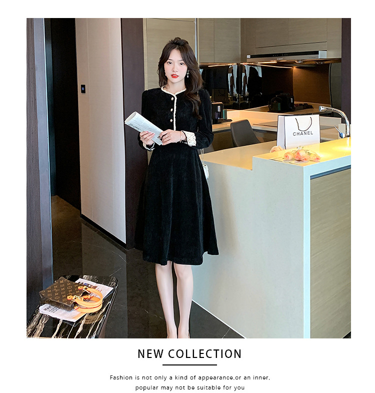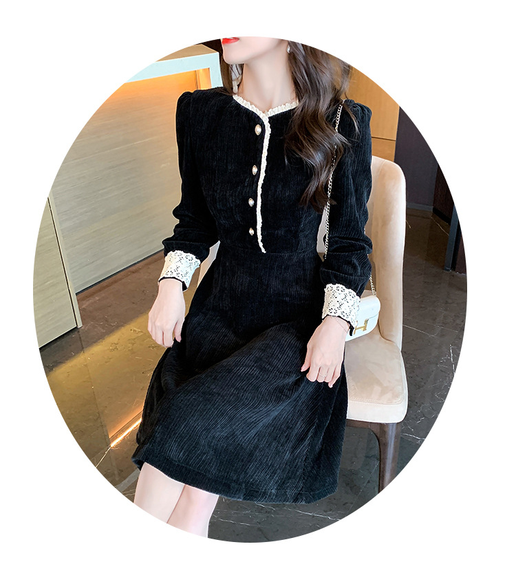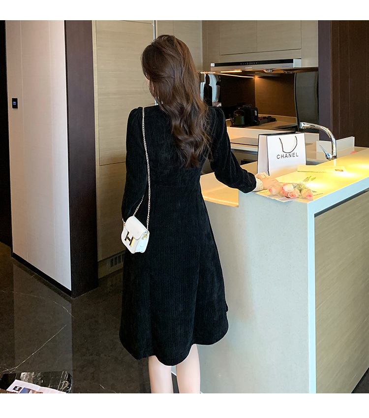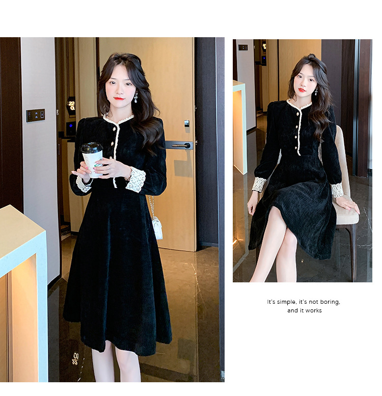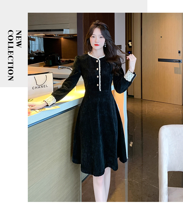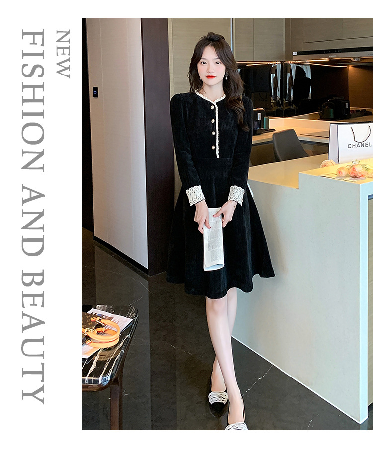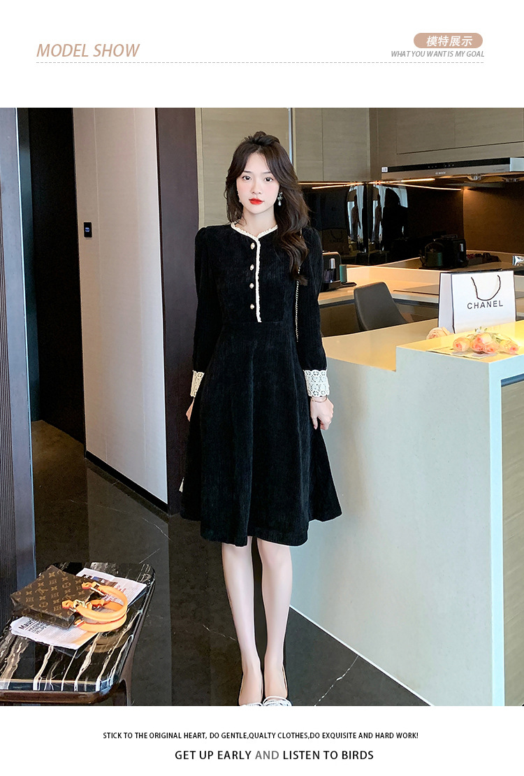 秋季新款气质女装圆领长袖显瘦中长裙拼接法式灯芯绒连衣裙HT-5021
....................
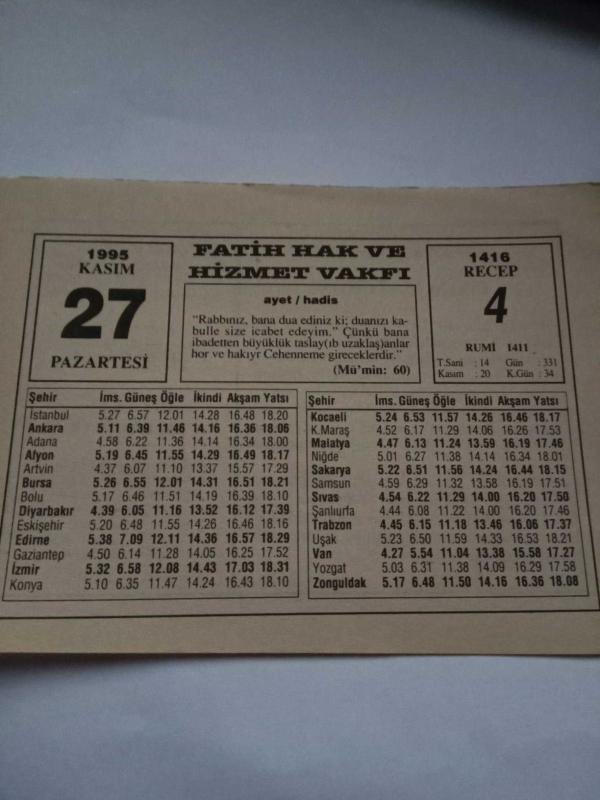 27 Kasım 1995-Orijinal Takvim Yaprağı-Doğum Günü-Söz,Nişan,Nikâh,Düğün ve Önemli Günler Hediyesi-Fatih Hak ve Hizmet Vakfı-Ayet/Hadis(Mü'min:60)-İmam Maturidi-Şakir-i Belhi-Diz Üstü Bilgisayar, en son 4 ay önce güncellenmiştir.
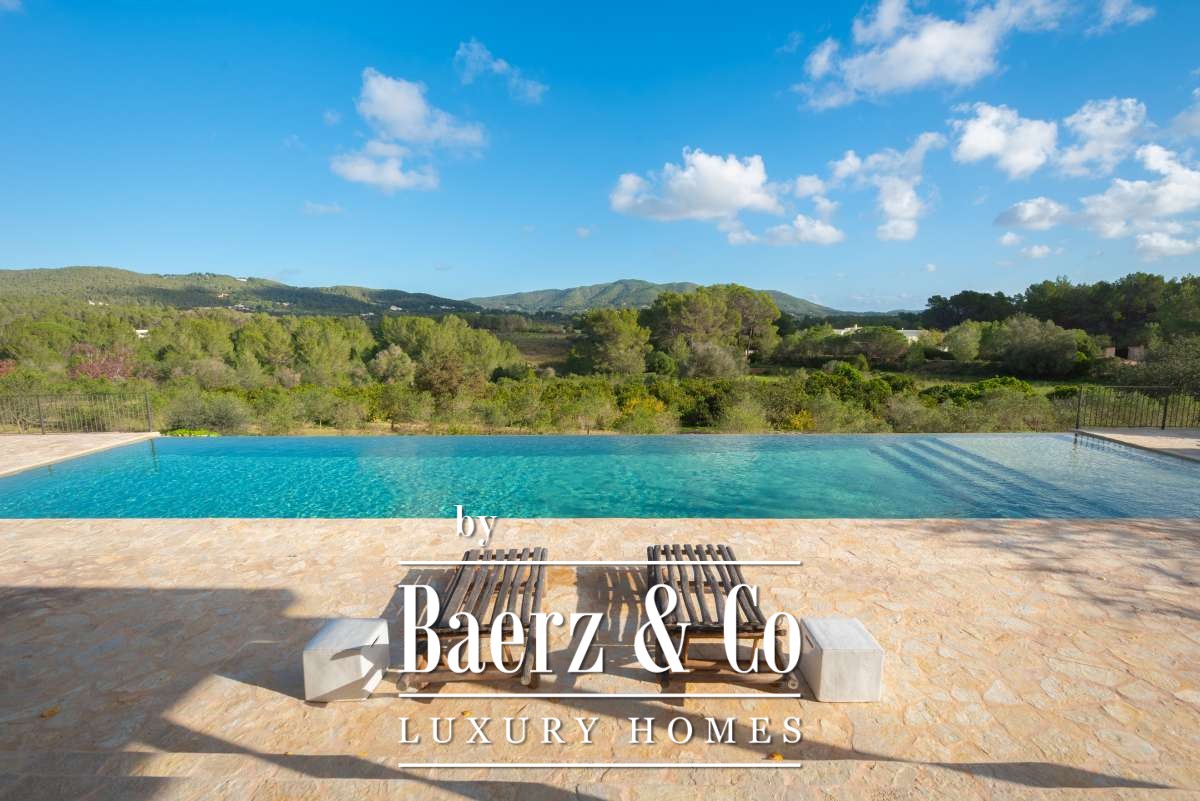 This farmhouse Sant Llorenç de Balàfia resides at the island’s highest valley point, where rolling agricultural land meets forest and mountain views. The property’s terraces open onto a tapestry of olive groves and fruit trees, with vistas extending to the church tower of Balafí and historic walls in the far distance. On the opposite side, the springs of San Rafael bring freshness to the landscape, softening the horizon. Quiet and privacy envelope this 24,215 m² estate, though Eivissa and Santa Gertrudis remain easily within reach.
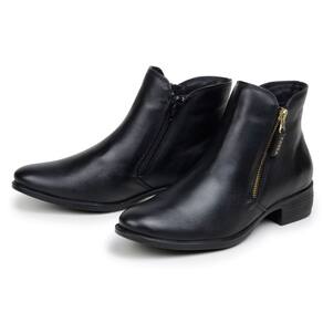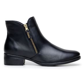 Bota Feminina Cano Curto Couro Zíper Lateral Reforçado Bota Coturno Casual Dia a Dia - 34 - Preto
....................
Task item: In the listing above, find the line with "This farmhouse Sant" and the line with "Bota Feminina Cano". Output both, plus every line between them, and no pictures.

Written solution:
 This farmhouse Sant Llorenç de Balàfia resides at the island’s highest valley point, where rolling agricultural land meets forest and mountain views. The property’s terraces open onto a tapestry of olive groves and fruit trees, with vistas extending to the church tower of Balafí and historic walls in the far distance. On the opposite side, the springs of San Rafael bring freshness to the landscape, softening the horizon. Quiet and privacy envelope this 24,215 m² estate, though Eivissa and Santa Gertrudis remain easily within reach.
 Bota Feminina Cano Curto Couro Zíper Lateral Reforçado Bota Coturno Casual Dia a Dia - 34 - Preto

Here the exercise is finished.